Nota editoriale
Il lettore che si aspetti di trovare in queste pagine una “storia” delle Brigate Rosse, con eventuali rivelazioni sensazionali o notizie inedite, rimarrà molto probabilmente deluso.
La storia ufficiale, in genere, è frutto di una ricerca condotta a partire da un punto di vista apparentemente oggettivo, che tuttavia non sfugge all'inevitabile influenza del pregiudizio ideologico; il bagaglio culturale da cui lo storico non può umanamente prescindere sottende la ricostruzione degli eventi, e confina l'oggettività a cui si aspira nel dominio delle velleità e delle illusioni. Il prezzo che lo storico paga a questo circolo vizioso è la propria estraneità ai fatti di cui si occupa, estraneità che si pretende essere necessario presupposto di un approccio obiettivo.

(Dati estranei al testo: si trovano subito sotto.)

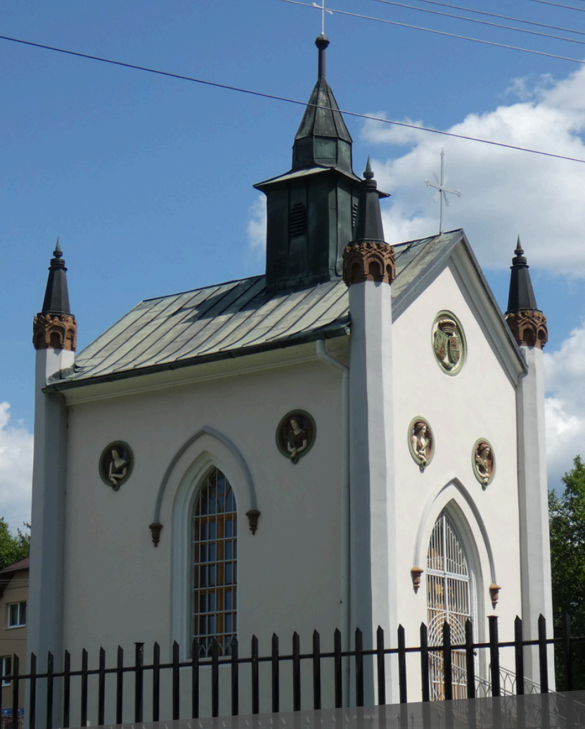
Mauzóleum Náriovcov v Gbelanoch www.gbelany.eu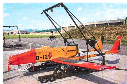
Die Drohne ADS 95.

Artillerieabteilung 32: Feuerleitung via Drohnen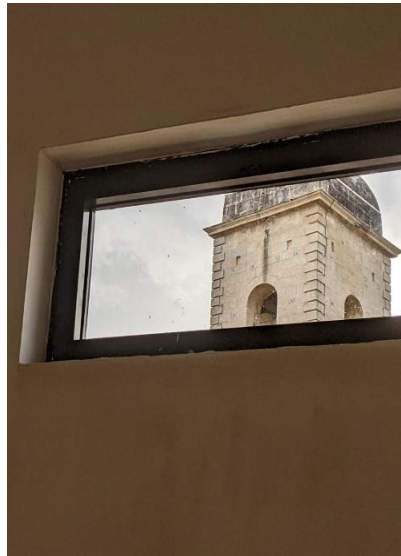
Gerahmte Aussicht der Westseite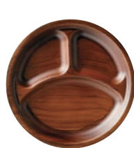
⑭耐熱サークルビュッフェプレート チーク刷毛目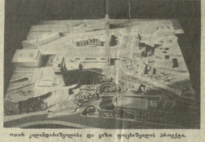
ოთარ კალანდარიშვილისა და გიორგი ფოცხველიძის პროექტი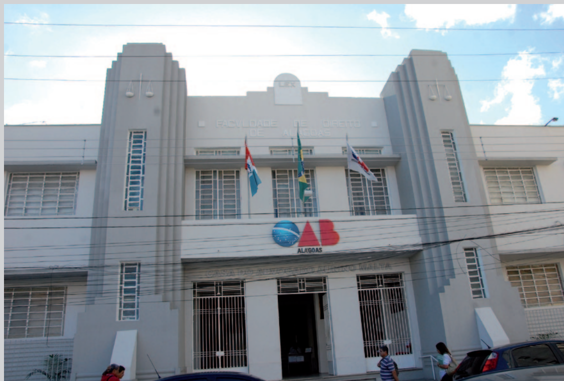
Sede da CAA/AL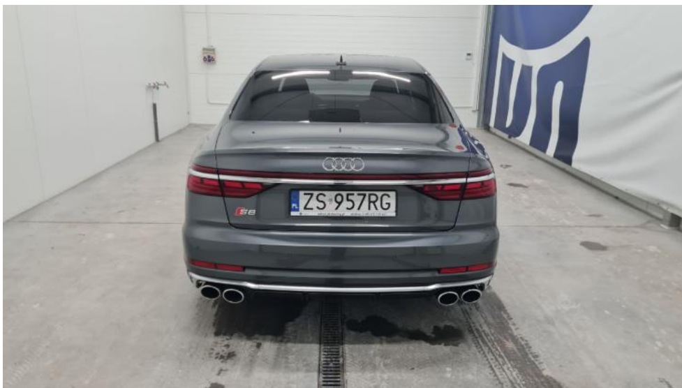
Fot. 7. Tył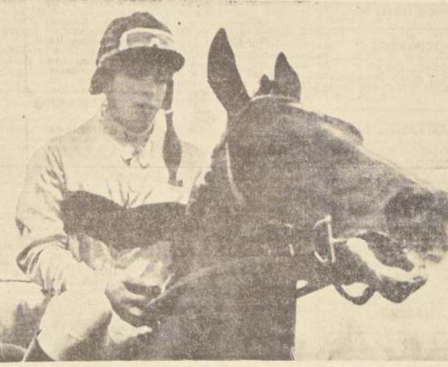
GRAN VITAL, ya está en la Ciudad Jardín preparándose para la Copa Jackson.

La testimonianza che proponiamo al lettore in queste pagine scaturisce da un atteggiamento completamente diverso, che non ha nulla a che vedere con la metodologia storica e storiografica. Vincenzo Guagliardo, l'autore, é stato protagonista, in prima persona, delle vicende a cui si fa riferimento, e quindi, secondo il noto adagio popolare (“chi sa fa, chi non sa insegna”), dovrebbe limitare il proprio contributo al terreno dell'azione e della pragmatica, poiché chi partecipa direttamente alle vicende umane non può avere il distacco necessario a raccontarle.
La storia giudiziaria e detentiva di Guagliardo gli consente tuttavia di aggirare l'ostacolo: con la legge Gozzini e con la legislazione degli anni ottanta e novanta in materia di riabilitazione sociale dei detenuti egli potrebbe dare una soluzione personale alla propria vicenda giuridica, che, in termini prosaici, abbrevierebbe di qualche lustro la sua permanenza in carcere.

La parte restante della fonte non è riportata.